*Entries shown*:
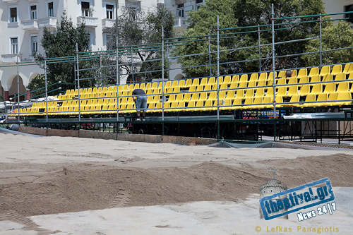 Τα φορτηγά έφεραν άμμο και τα συνεργεία του δήμου έστησαν την εξέδρα και το φιλέ. Με αυτόν τον τρόπο η πλατεία Αριστοτέλους στη Θεσσαλονίκη, μετατράπηκε σε ένα τεράστιο γήπεδο που θα φιλοξενήσει από την Παρασκευή το τουρνουά Beach voley, Grand Slam.Το θέαμα που θα προσφέρουν οι κορυφαίοι αθλητές που θα πάρουν μέρος, αναμένεται να είναι υψηλών προδιαγραφών.
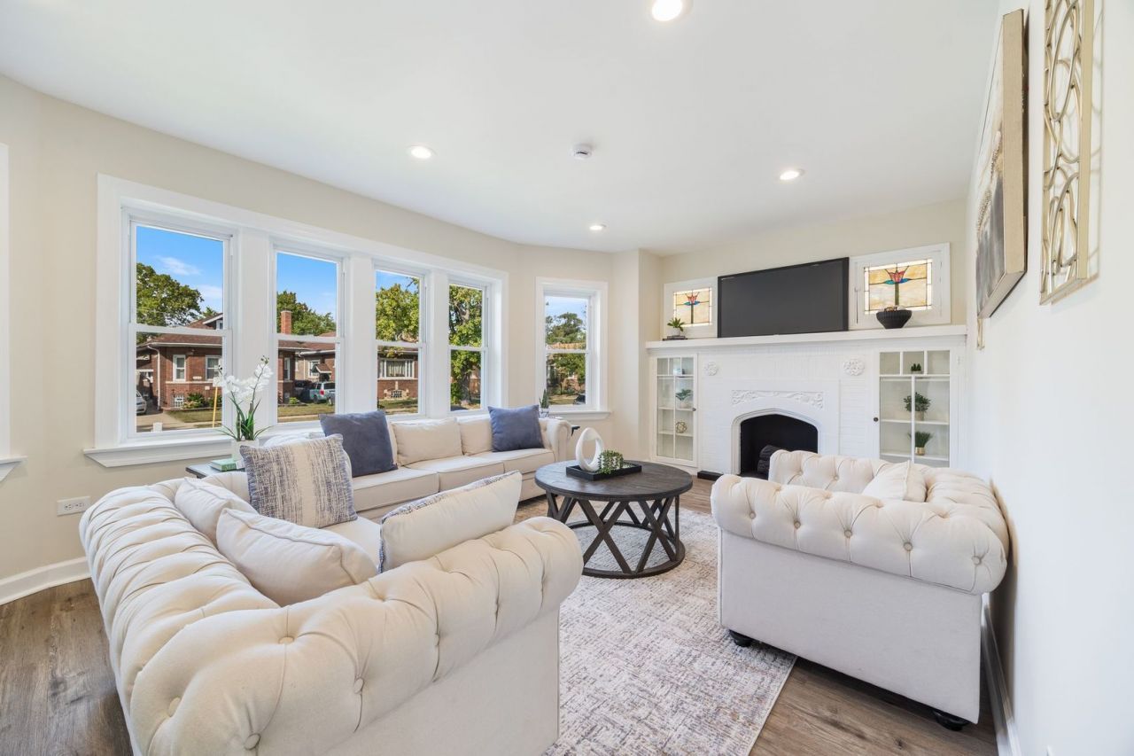 This gorgeous Rehab brick bungalow has a blend of historic character with modern updates. The main level showcases a spacious inviting living room with a fireplace . Beautiful kitchen with quartz countertops and white custom cabinets, two spacious bedrooms and two bathrooms. Hardwood flooring . The primary bedroom is a spacious tranquil retreat with a huge walk-in closet. The lower level finished basement boasts a 3rd bedroom and full 3rd bathroom. . Don't miss out on this exceptional opportunity! Schedule your private showing today!
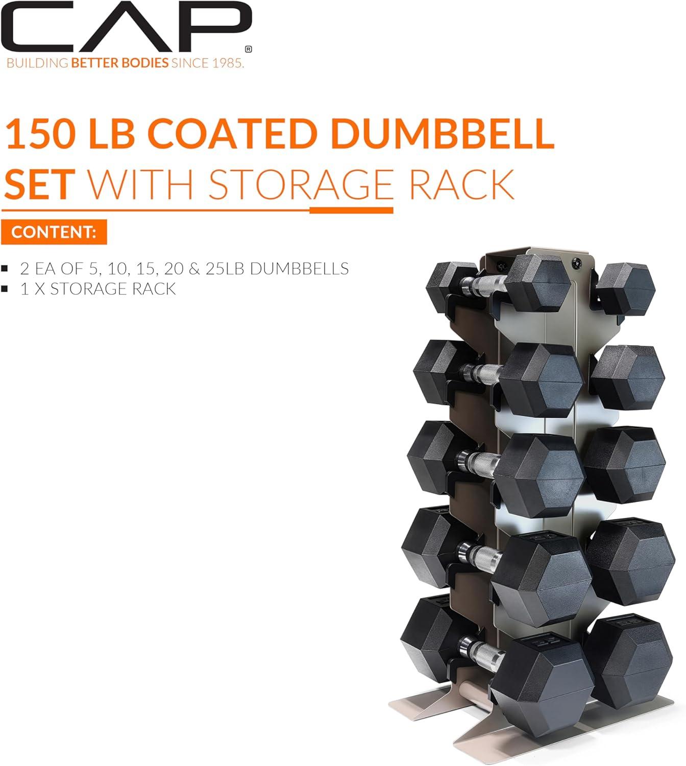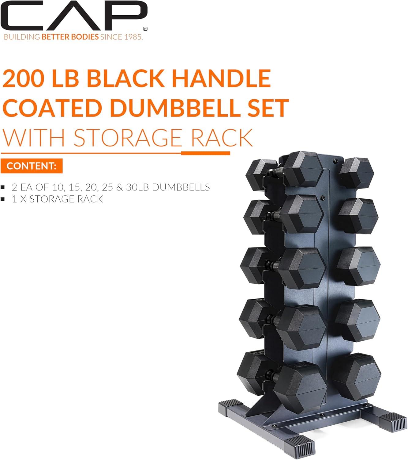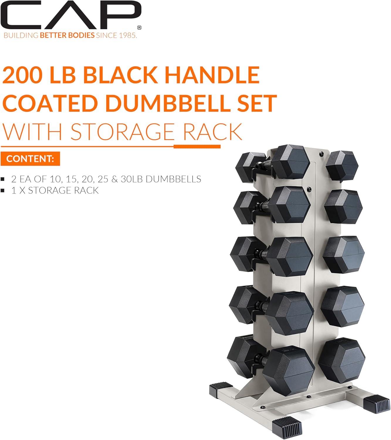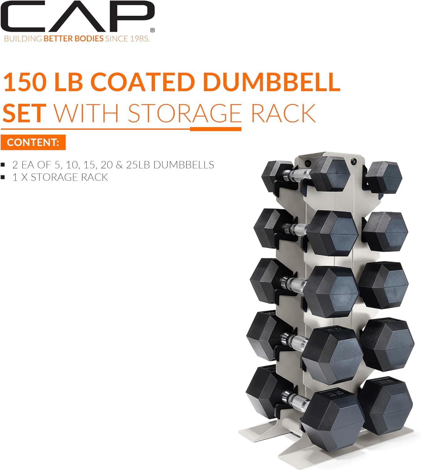 CAP Barbell Rubber Coated Hex Dumbbell Set with Vertical Rack | 100-300 lbs Free Weights Dumbbells Set for Home Gym | Multiple Options(Comfort Handle)
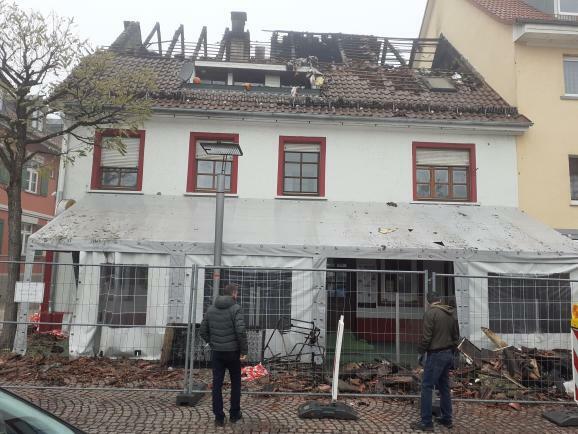 Aulendorf - Nach dem Brand im Dachstuhl des Bistros "Kaktus" beginnen die Aufräumarbeiten. Nach Schätzungen der Polizei entstand ein Sachschaden in Höhe von 250 000 Euro.
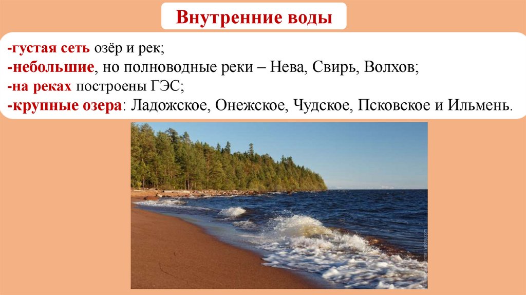 -небольшие, но полноводные реки – Нева, Свирь, Волхов;
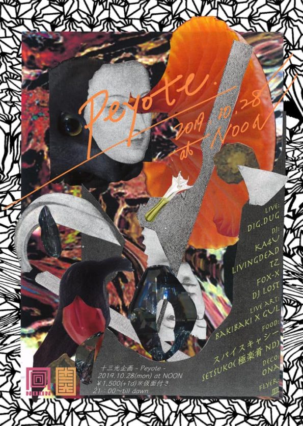 十三光企画 "peyote" 2019/10/28 (mon) @ NOON ¥1,500(+1d) ※仮面付き 21:00-till dawn ■live: dig.dug. ■dj: ka4u living dead…
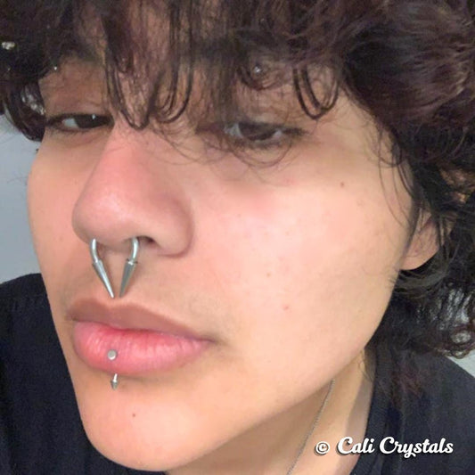 Pick Your Gauge Size (16G - 4G) Horseshoe Ring with Extra Long Spikes Solid Steel
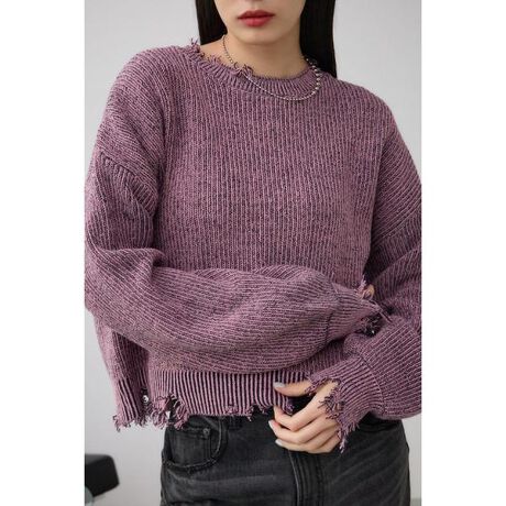 ■ダメージニットトップス■ポイントダメージデザインがポイントのニットトップス。■ディティールトレンドのショート丈とオーバーなサイズ感で、着るだけでこなれ感のあるシルエットに仕上げました。袖口と襟ぐりに施したダメージ風のデザインがポイントです。異なる2色の糸引きを揃えることで奥行きのある色味になっています。モノトーンの配色に加え、鮮やかな春カラーでアップデート。■スタイリングデニムを合わせたカジュアルなスタイルはもちろん、ナロースカート等レディライクなアイテムとも好相性です。オンオフどちらにも活躍する一着です。■生地カジュアルな風合いの綿混の素材を使用した編地です。一部配色でプレーティングして編み立てることで、配色カラーを表現したニットです。透け感:なし裏 地:なし伸縮性:あり光沢感:なし[注意事項]※画像の商品はサンプルです。実際の商品と仕様、加工が若干異なる場合があります。※画像の商品は光の照射や角度、お使いのモニター環境により、実物と色味が異なる場合がございます。※着用、お取り扱いの際は、アテンションタグをご確認ください。
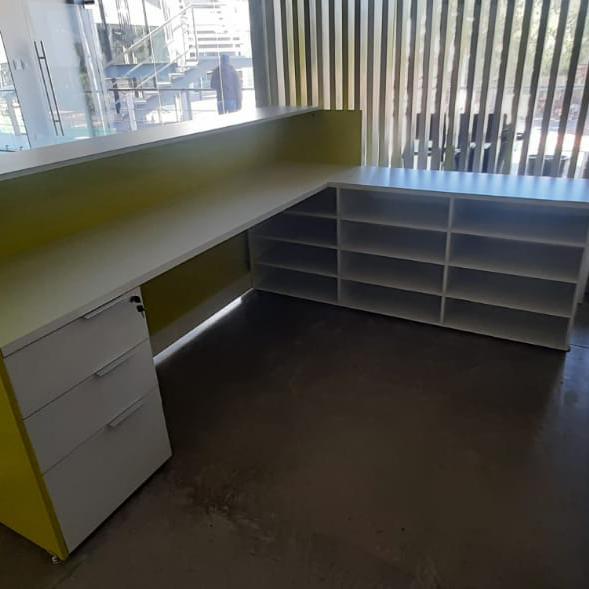 ESTACIONES DE TRABAJO · ESTACIÓN DE CAFÉ · RECEPCIÓN · MUEBLES ESPECIALES

*Work request*:
Omit all images when repeating the data above exactly.

*Your response*:
 Τα φορτηγά έφεραν άμμο και τα συνεργεία του δήμου έστησαν την εξέδρα και το φιλέ. Με αυτόν τον τρόπο η πλατεία Αριστοτέλους στη Θεσσαλονίκη, μετατράπηκε σε ένα τεράστιο γήπεδο που θα φιλοξενήσει από την Παρασκευή το τουρνουά Beach voley, Grand Slam.Το θέαμα που θα προσφέρουν οι κορυφαίοι αθλητές που θα πάρουν μέρος, αναμένεται να είναι υψηλών προδιαγραφών.
 This gorgeous Rehab brick bungalow has a blend of historic character with modern updates. The main level showcases a spacious inviting living room with a fireplace . Beautiful kitchen with quartz countertops and white custom cabinets, two spacious bedrooms and two bathrooms. Hardwood flooring . The primary bedroom is a spacious tranquil retreat with a huge walk-in closet. The lower level finished basement boasts a 3rd bedroom and full 3rd bathroom. . Don't miss out on this exceptional opportunity! Schedule your private showing today!
 CAP Barbell Rubber Coated Hex Dumbbell Set with Vertical Rack | 100-300 lbs Free Weights Dumbbells Set for Home Gym | Multiple Options(Comfort Handle)
 Aulendorf - Nach dem Brand im Dachstuhl des Bistros "Kaktus" beginnen die Aufräumarbeiten. Nach Schätzungen der Polizei entstand ein Sachschaden in Höhe von 250 000 Euro.
 -небольшие, но полноводные реки – Нева, Свирь, Волхов;
 十三光企画 "peyote" 2019/10/28 (mon) @ NOON ¥1,500(+1d) ※仮面付き 21:00-till dawn ■live: dig.dug. ■dj: ka4u living dead…
 Pick Your Gauge Size (16G - 4G) Horseshoe Ring with Extra Long Spikes Solid Steel
 ■ダメージニットトップス■ポイントダメージデザインがポイントのニットトップス。■ディティールトレンドのショート丈とオーバーなサイズ感で、着るだけでこなれ感のあるシルエットに仕上げました。袖口と襟ぐりに施したダメージ風のデザインがポイントです。異なる2色の糸引きを揃えることで奥行きのある色味になっています。モノトーンの配色に加え、鮮やかな春カラーでアップデート。■スタイリングデニムを合わせたカジュアルなスタイルはもちろん、ナロースカート等レディライクなアイテムとも好相性です。オンオフどちらにも活躍する一着です。■生地カジュアルな風合いの綿混の素材を使用した編地です。一部配色でプレーティングして編み立てることで、配色カラーを表現したニットです。透け感:なし裏 地:なし伸縮性:あり光沢感:なし[注意事項]※画像の商品はサンプルです。実際の商品と仕様、加工が若干異なる場合があります。※画像の商品は光の照射や角度、お使いのモニター環境により、実物と色味が異なる場合がございます。※着用、お取り扱いの際は、アテンションタグをご確認ください。
 ESTACIONES DE TRABAJO · ESTACIÓN DE CAFÉ · RECEPCIÓN · MUEBLES ESPECIALES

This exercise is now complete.